It’s confusing and complicated and chaotic. We find ourselves afraid and angry and unsure what to do.
“What’s up with with you guys?” I asked innocently and ignorantly.
“America needs to make up its mind,” he retorted. (Fortunately for me, he speaks really good English. The three lines of Spanish I command would have made for a much shorter conversation.)
“What do you mean?”
“Either you want us for cheap labor or you don’t want us because we ‘don’t belong here’ . . . you see us as illegal freeloaders.”
“Well,” I proffer, “There are those issues of breaking the law to get here, bringing drugs and crime, receiving benefits you don’t pay for…and then there is the Spanish thing.”
“You don’t get it.

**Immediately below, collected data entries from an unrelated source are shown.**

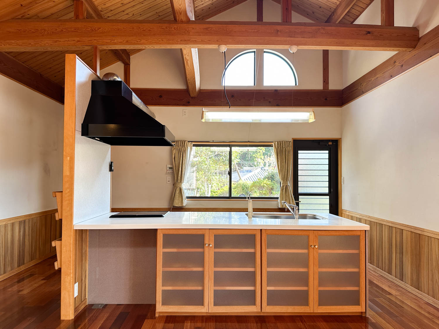 キッチンの照明と飾り窓がどちらもかまぼこの形で揃っているのも、なんだかいい感じ。お日様が眩しい時は、ロールスクリーンを閉めることで快適にお過ごしいただけそうです。
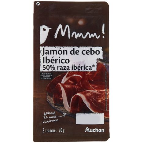 Ingrédients : Jambon de porc de cebo 50% ibérique (origine : Espagne), sel, sucre conservateurs : nitrate de potassium nitrite de sodium antioxydant : ascorbate de sodium. Elaboré à parti de porc origine Espagne
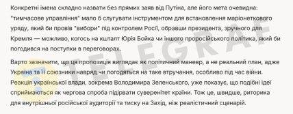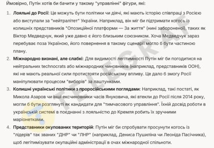 Нейромережа зазначає, що конкретні імена назвати важко, але мета Путіна очевидна — "тимчасове управління" мало б слугувати інструментом для встановлення маріонеткового уряду. За задумом Кремля, він би провів "вибори" під контролем Росії та обрав президента зручного для Путіна. Ним міг би стати, наприклад, Юрій Бойко (український проросійський політик, народний депутат України VI, VIII та IX скликань. Ексочільник депутатської групи "Платформа за життя та мир" у Верховній Раді, створеної з колишніх членів ОПЗЖ).
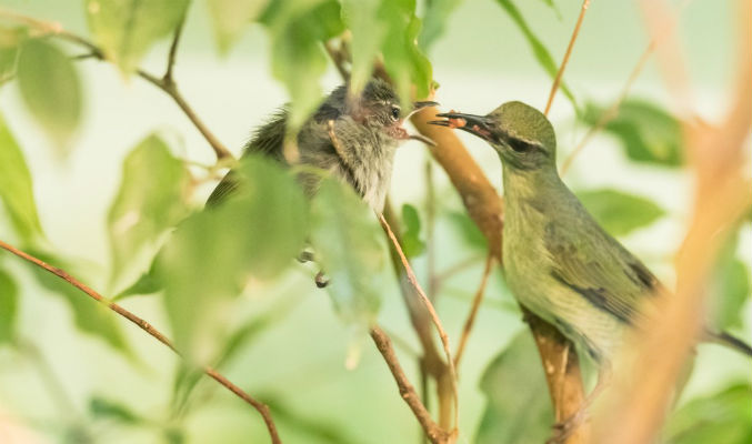 Die Zucht von Türkisnaschvögeln ist nicht einfach. Ihre Nester bauen sie in der Natur aus Spinnweben und die Jungen füttern sie am Anfang mit winzig kleinen Insekten. Im Zoo Basel wurden den Eltern Tierhaare zum Nestbau und kleinste Drosophila Fliegen angeboten. Das hat bestens geklappt.
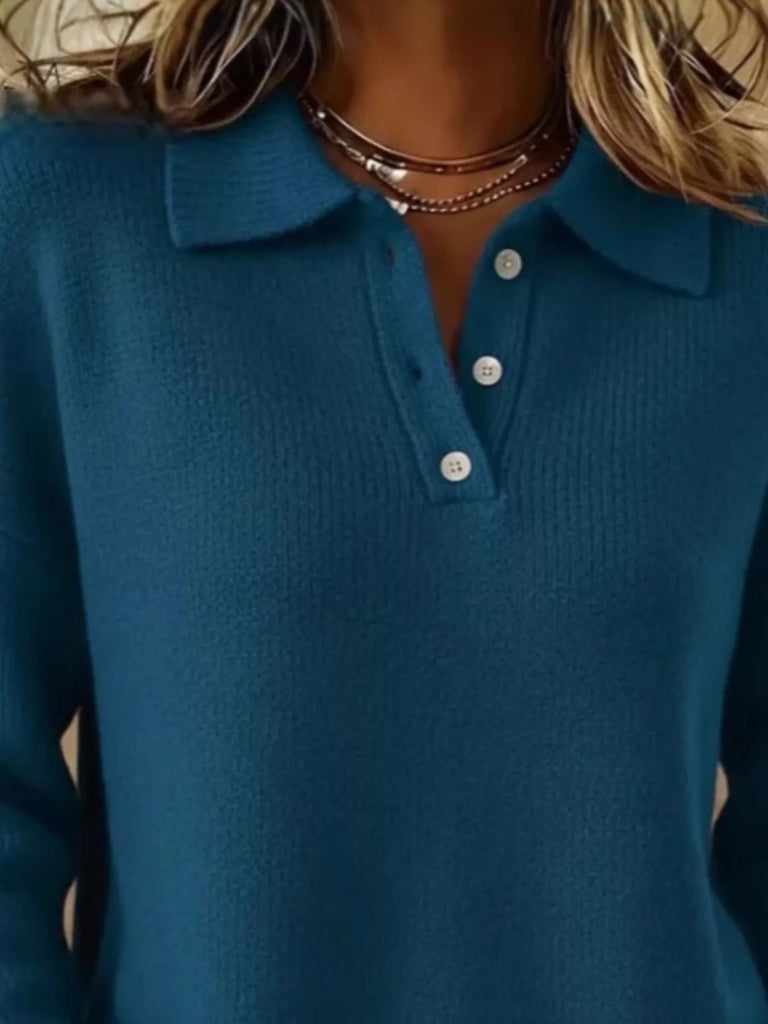 Full Size Button Detail Drop Shoulder Sweater
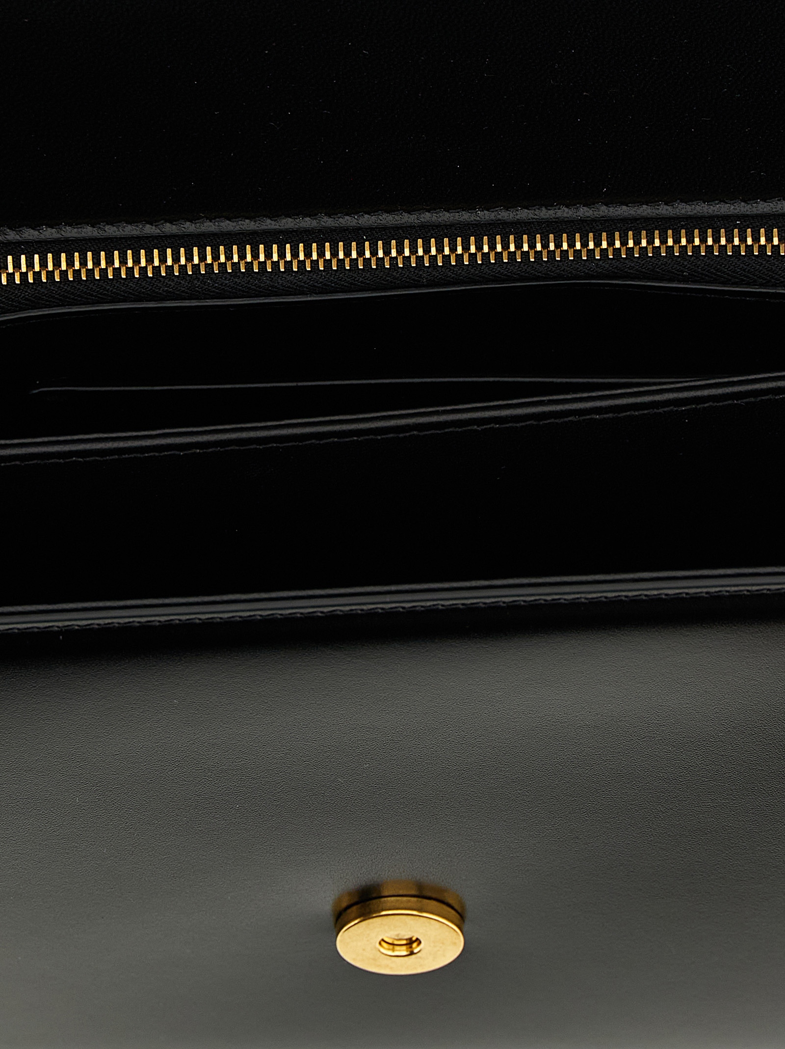 'Vain' smooth leather shoulder bag, magnetic flap closure with front metal 'VLogo Signature' cut out, sliding chain.

To you, we are ignorant low-lifes who sneak over to steal your jobs. To us, you are rich beyond imagination and don’t want the jobs we do. You think we are cheaters. We think you are generous and have enough to spare.”

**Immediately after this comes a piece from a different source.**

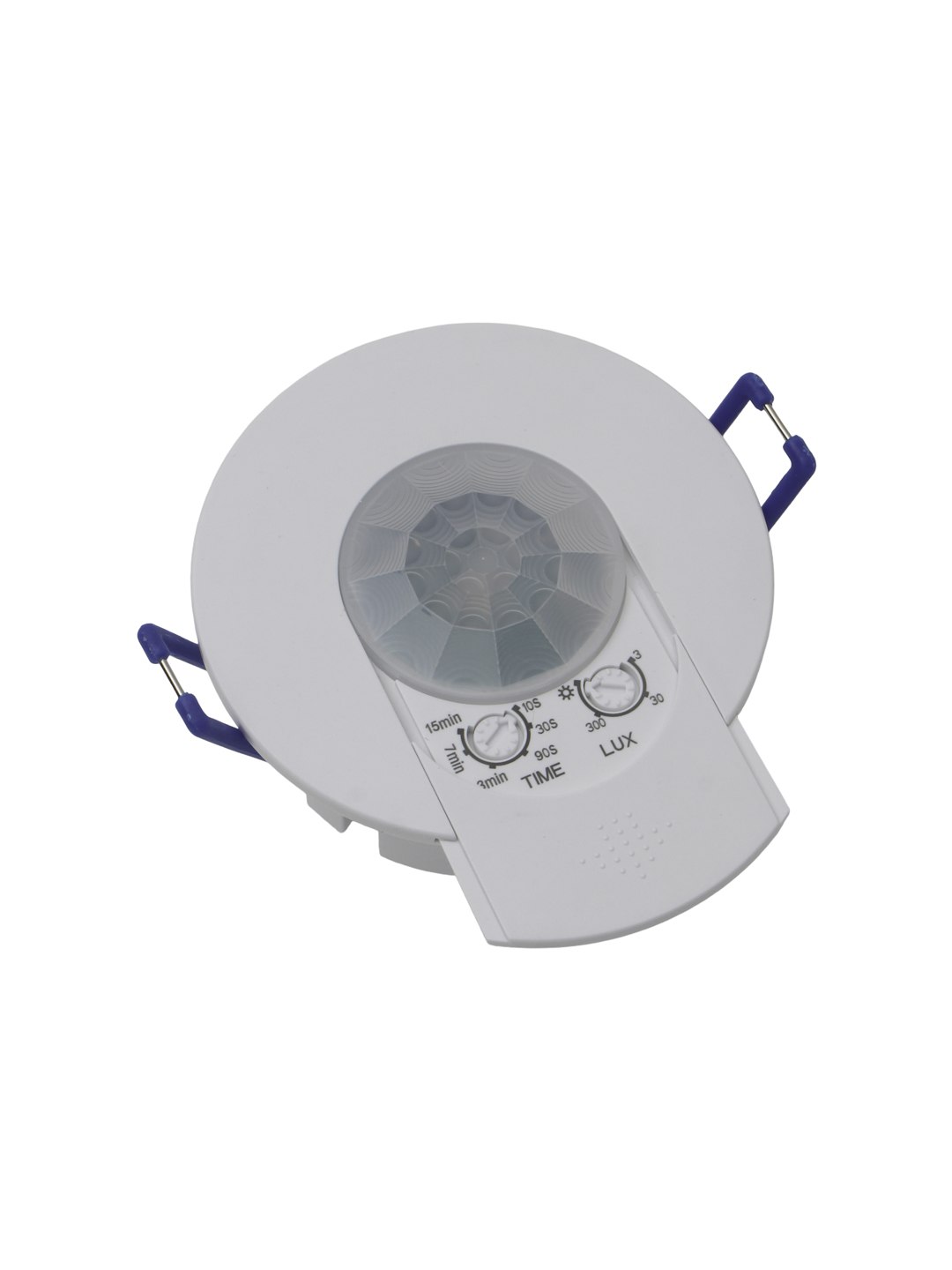 Датчик оснащен регулируемыми настройками чувствительности освещенности (LUX), времени задержки (TIME) и дальности обнаружения. Устанавливается в потолок и гармонично вписывается в интерьер.
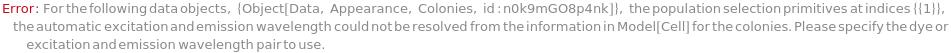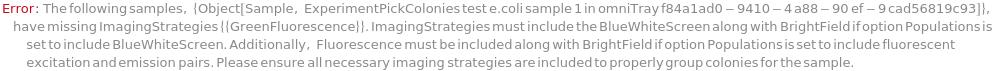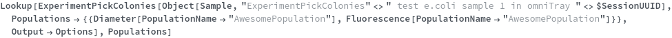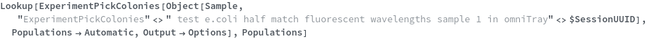 Default Calculation: If the Model[Cell] information in the sample object matches one of the fluorescent excitation and emission pairs of the colony picking instrument, Populations is set to Fluorescence. Otherwise, Populations is set to All.

“Why don’t you just come legally?”
“Have you tried to become a U.S. citizen lately?”
“Ummm . . .”
“It costs a lot of money, it is complicated, the officials are not helpful, and our families are hungry now.”
“Well, we can’t rescue all of Mexico.”
“Maybe not, but you have to do something, because we are desperate, we will keep coming—no wall will be tall enough.”

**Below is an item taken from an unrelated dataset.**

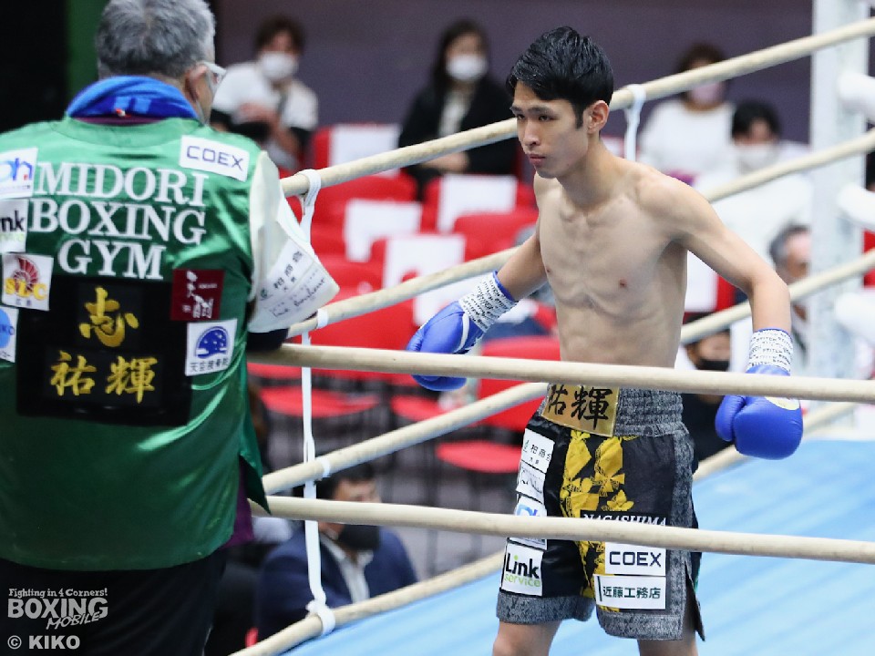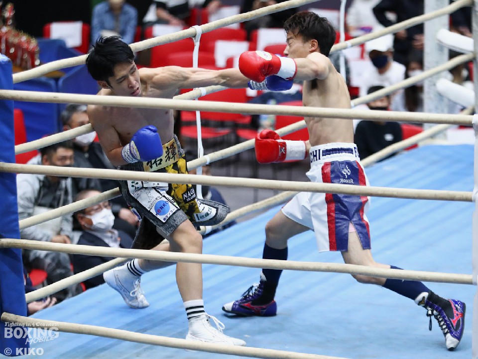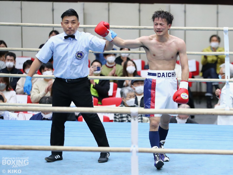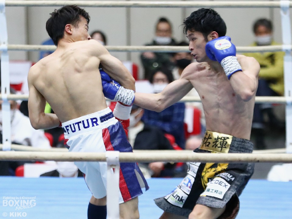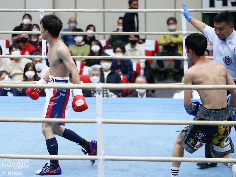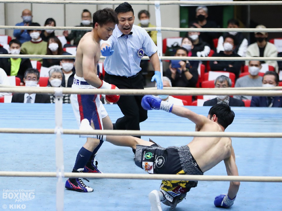 試合:サウスポー同士の一戦は、森野が思い切りの良い左スイングから仕掛けると森川はバックステップで回避。しかし、攻撃の手を緩めない森野は、ロープに追い詰めると左オーバーハンドから右を返してバランスを崩させるとレフェリーはダウンを宣告した。再開後、距離を詰めた相手に森川は左ストレートを合わせて倒し返した。しかし、ラウンド終了間際に森野は、左オーバーハンドで2度目のダウンを奪った。2回、森野は左ロングフックから右フックで3度目のダウンを演出。その後も森野がブンブンとパンチを振り回し、森川が迎え撃つ構図が続いた。逆転を狙う森川は4回、左を繰り出すが大振りになってしまい決定打を打ち込めず。森野も最後まで左右フックで攻め立てた。3度のダウンを奪った森野が全日本新人王決定戦にコマを進めた。

If I lived in Mexico, I’d want to come here.
If I were fleeing non-stop war and persecution, I’d want to go somewhere— Europe, America—and hope to God I found some warm-hearted soul who would give me a handshake and a job.
The government has not been very helpful:
In spite of promises, presidents and legislators from both parties have
addressed this issue largely with benign neglect.
The issue is in our face in a big way (Gallup, third highest issue in the US)….
- Clearly the issue has once again been made a central campaign issue. 12 million or so illegal immigrants and porous borders always score points as political football.
- The current migrant crisis in Europe is one thing.
- The proposed settling of several thousand Syrian refugees in the US which was not such a big deal until Paris and San Bernardino.
No doubt, there are real concerns…
Illegals really have broken the law.
Millions of people knowingly and willingly violated federal laws by entering the US illegally or overstaying their visas. They live every day knowing that they could be caught and deported. Flouting the law has become the norm.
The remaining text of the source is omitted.